The United Nations has tens of thousands of families trapped in the city of Fallujah may be at risk as Iraqi forces move in to claim the city back from

ISIS. While residents of the city have been encouraged to leave. Activists say ISIS has stopped people from doing so. The U.N. spokesman

called on the Iraqi military to protect those in danger.

(BEGIN VIDEO CLIP)

RUPERT COLVILLE, SPOKESMAN, UNITED NATIONS OHCHR: We also urge the government of Iraq to ensure that the protection of civilians is paramount

in the offensive on Fallujah. And we call on all parties to adhere to adhere strictly to international humanitarian law including the principles

of distinction and proportionality in the conduct of hostilities.

(END VIDEO CLIP)

QUEST: Death toll from the recent flooding in Sri Lanka has now reached more than 100. According to the country's disaster management center. A

100 further people are missing. And 100,000 people have been forced into temporary shelters because of the flooding and landslides.

More than a decade after he was first accused of sexual misconduct, Bill Crosby is to go to trial. A judge has said there's sufficient evidence to

try the 78-year-old comedian on three counts of felony indecent assault. Gloria Allred, the attorney who represents for more than 30 women who have

accused Crosby, described the proceedings as unusual.

(BEGIN VIDEO CLIP)

[16:35:00] GLORIA ALLRED, ATTORNEY: Mr. Cosby's presented a vigorous defense today. I might add that in my experience, 40 years of practicing

law, I found it to be very unusual. That such a defense was presented at the preliminary hearing stage in the way that it was. Some might speculate

because the defense was attempting to have an impact on the potential jury pool.

(END VIDEO CLIP)

QUEST: Democratic candidate Bernie Sanders has called for a recanvas of the Kentucky primary election. His opponent Hillary Clinton narrowly won

the vote earlier this month. A senior adviser to Sanders says the campaign does not suspect a miscount but wants to check, because the race is so

close.

Donald Trump is swinging back at the media for questioning how money raised to benefit veterans is being distributed. Republican candidates' attorney

told CNN the money distributed to worthy causes. Mr. Trump said he's disgusted by any claims to the contrary.

(BEGIN VIDEO CLIP)

DONALD TRUMP, U.S. REPUBLICAN PRESIDENTIAL CANDIDATE: I raised almost $6 million for the veterans including putting up $1 million of my own money.

I had no obligation to do anything or to do so. And I get nothing but bad press from the dishonest media. It is absolutely disgraceful.

(END VIDEO CLIP)

David Gregory is CNN political analyst and host of the "David Gregory Show Podcast" joining me from Washington via Skype. Are you part of the

disgraceful, disgusting cartel that Mr. Trump is talking about, David? What is he talking about?

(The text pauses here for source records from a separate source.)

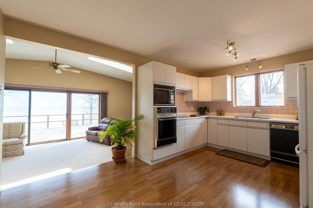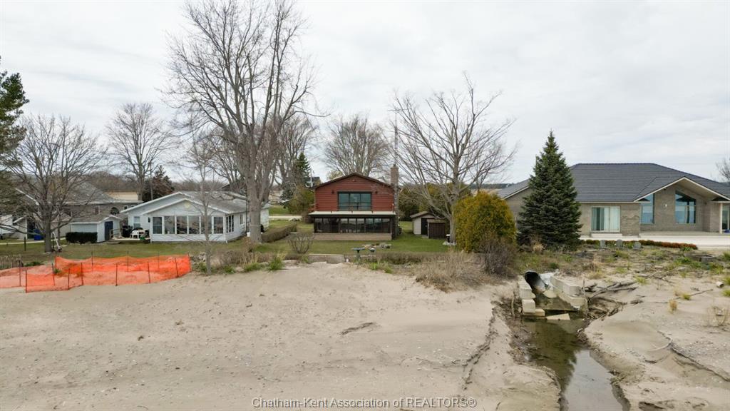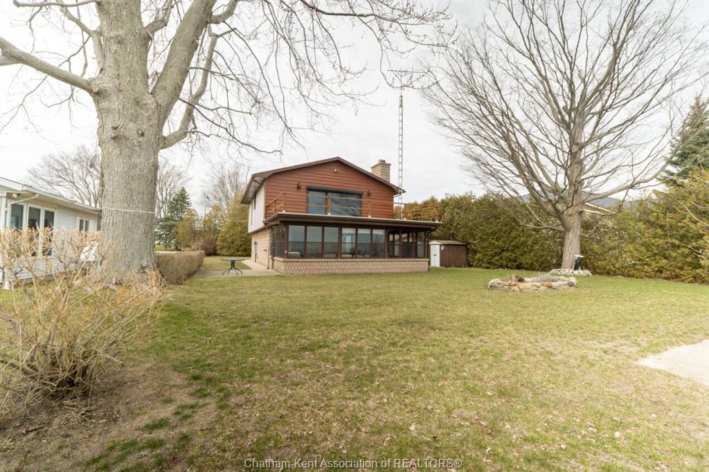 Don’t miss this rare opportunity to own a true beachfront paradise and start creating lifelong memories. This one-owner, charming raised bungalow offers the perfect blend of year-round lakefront living or an ideal summer getaway. Nestled along the shores of lake erie, you’ll enjoy breathtaking sunrises and the calming sounds of the waves right at your doorstep. Thoughtfully designed to showcase its incredible setting, the upper level features a bright kitchen, 2 bedrooms, 1 bathroom, and a stunning living room filled with natural light from elegant skylights. Step through the sliding patio doors—complete with a retractable storm shutter—onto the full balcony overlooking the yard and beach, an ideal spot for morning coffee or evening relaxation. The main level offers a 2nd bath, a spacious family room and a large sunroom, providing plenty of room to entertain or unwind while taking in the views. Additional highlights include an attached garage, generac backup system, central vacuum, and the convenience of municipal water. Recent improvements include freshly painted exterior wood siding, along with the garage door, entry door, and storm door, plus new shingles on the shed—adding both value and peace of mind. Step outside and find yourself just moments from your own stretch of beach. Whether it’s boating, fishing, or simply soaking up the sun, this property is a dream for water lovers. Located approximately one hour from windsor and london, and just three hours from the gta, this home offers the perfect escape from city life. Experience waterfront living at its finest!
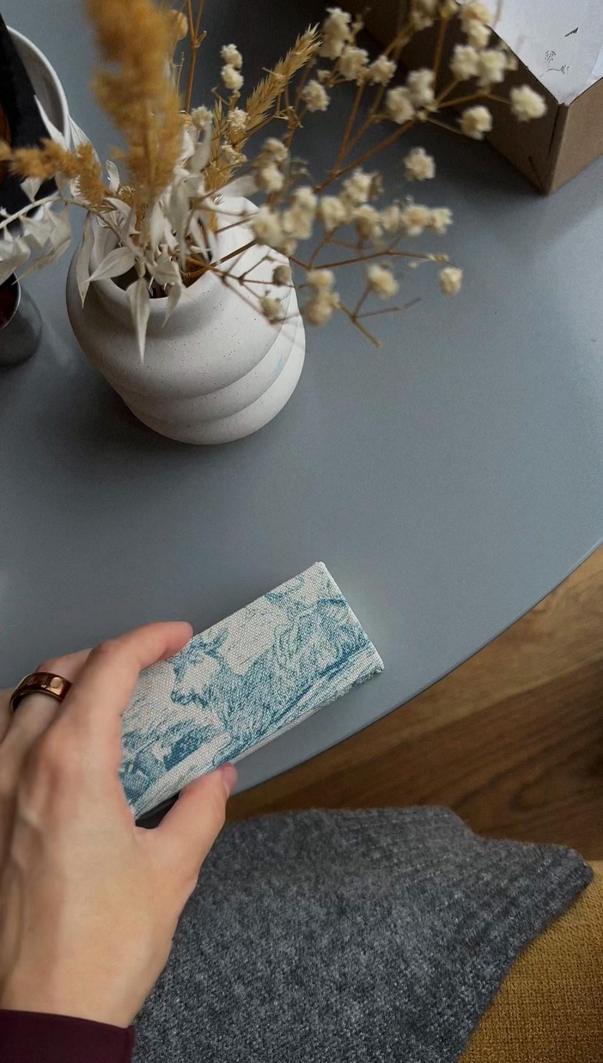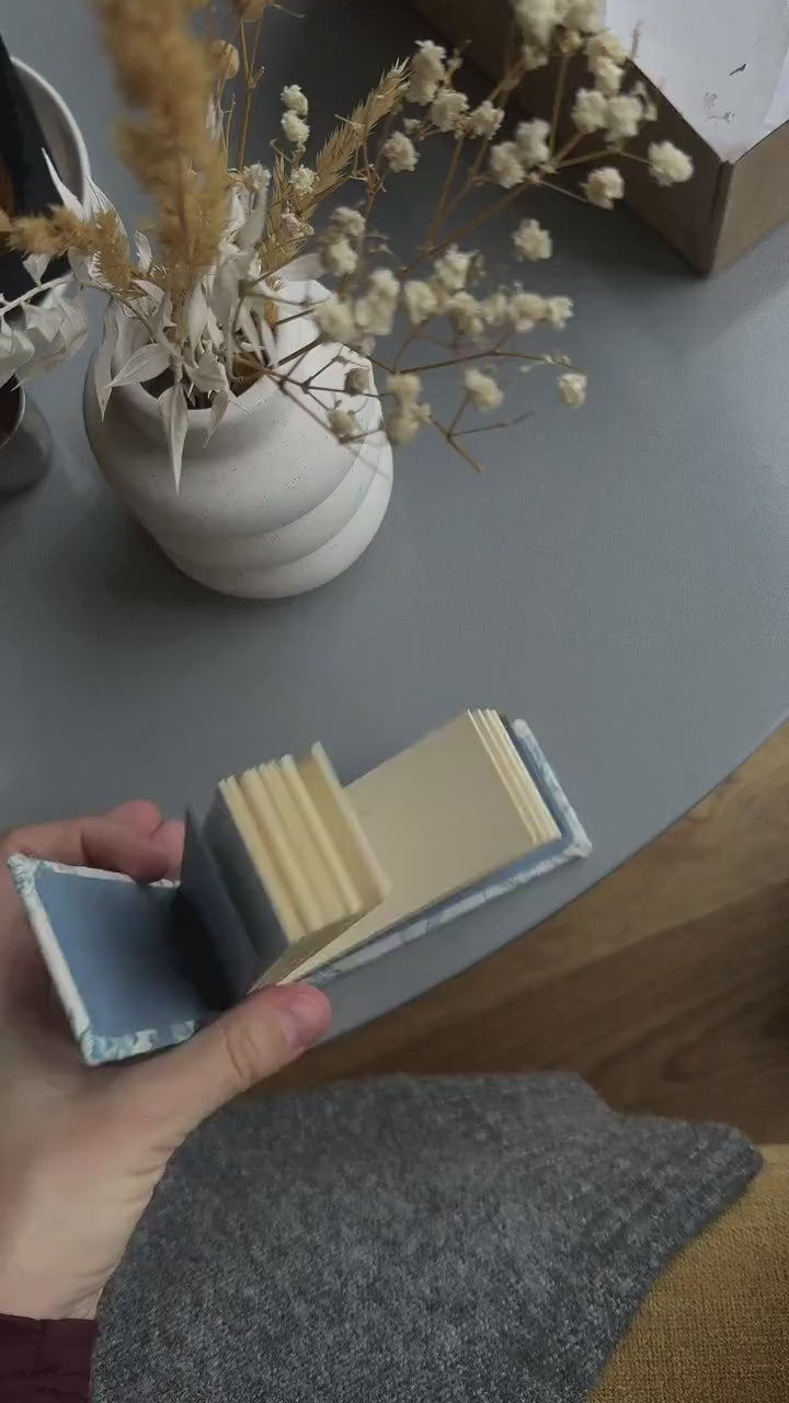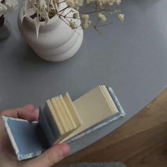 Handmade unique small notebook with a heavy cardboard cover covered with linen fabric in vintage style.
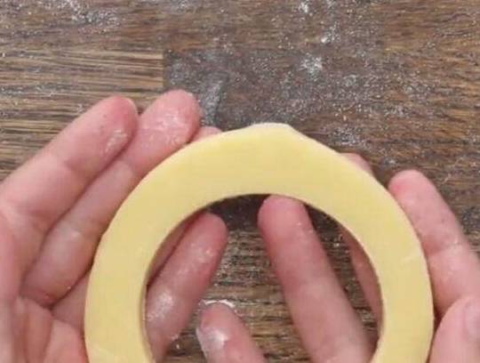 8.在饼干的同心圆外圈部位,也就是饼干圈的部位,涂上白色巧克力酱,然后将同心圆饼干两两贴在一起。
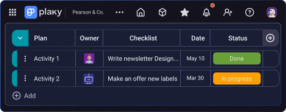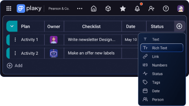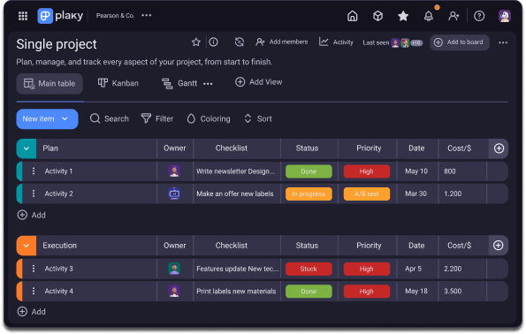 Name your board and start planning your project from start to finish in one, centralized workflow. Organize the groups of your board in phases or as a timeframe and keep track off all project-related activities in one shared place.
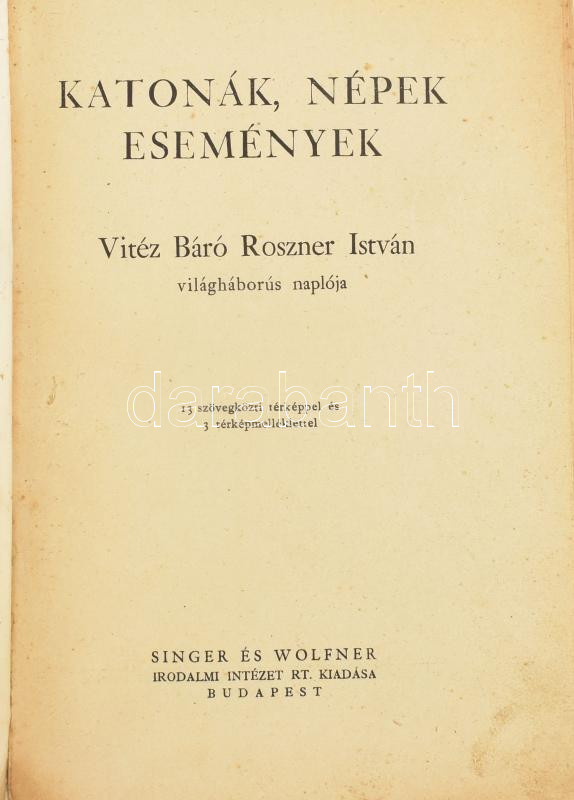Roszner István: Katonák, népek, események. Vitéz Báró Roszner István világháborús naplója. Bp., [1938], Singer és Wolfner (Hornyánszky-ny.), 595 p. + 2 (kihajtható térképek) t. Kiadói papírkötés, sérült, rossz állapotban, foltos, hiányos borítóval, a térképek jó állapotban.
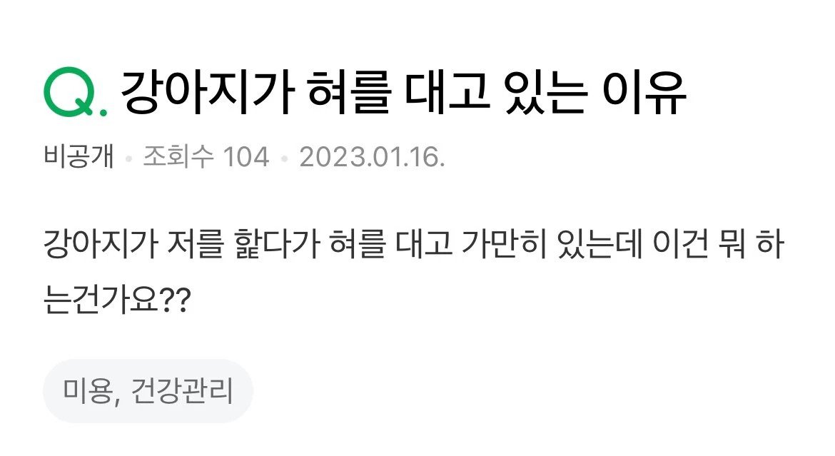 강아지가 핥다가 혀를 대기만 하고 있는 이유
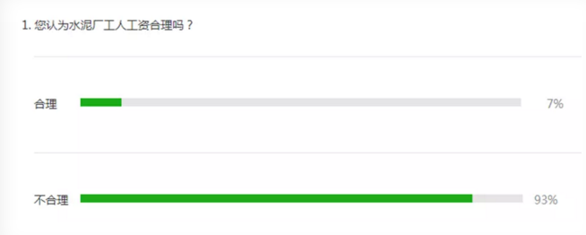 先讓我們回顧一下前幾日水泥人網微信公眾平臺發起的您認為水泥廠工人工資合理嗎?的民意調查吧,在短短的1天的時間內,有近萬人參與了投票,根據奮斗在一線的水泥工人投票結果顯示,有93%的人認為一線工人工資不合理,剩余7%的工人認為工資是合理的。
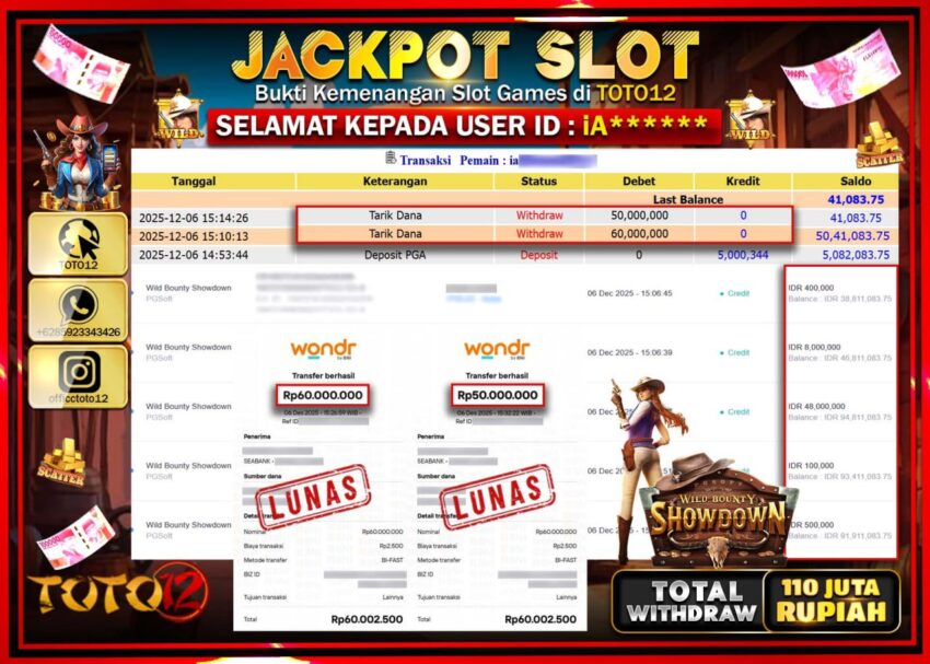 Selamat kepada Member Kami Ia****** Telah Jackpot dan berhasil mendapatkan kemenangan besar pada permainan JACKPOT SLOT GAME (WILD BOUNTY SHOWDOWN) Dengan Kemenangan Sebesar Rp.110.000.000 –.

DAVID GREGORY, CNN POLITICAL ANALYST: Well, I'm certainly part of it in the larger sense but not on this particular instance. Look, this is Trump

being Trump. Lashing out at the media and about questions of his finances, of his worth, of where his money's gone. He's under a lot more pressure

now, particularly from Hillary Clinton to release his tax returns. What I suppose could shed some light on what these distributions were. What the

contributions were. I think that Trump has found that he is most effective when he's on offense, even when he claims he's counter punching. In this

case he is on the offense with self-righteousness about whether or not he's given this kind of money. And again, the way he's doing it, through social

media, is a way to bypass other media streams and reach his supporters most directly.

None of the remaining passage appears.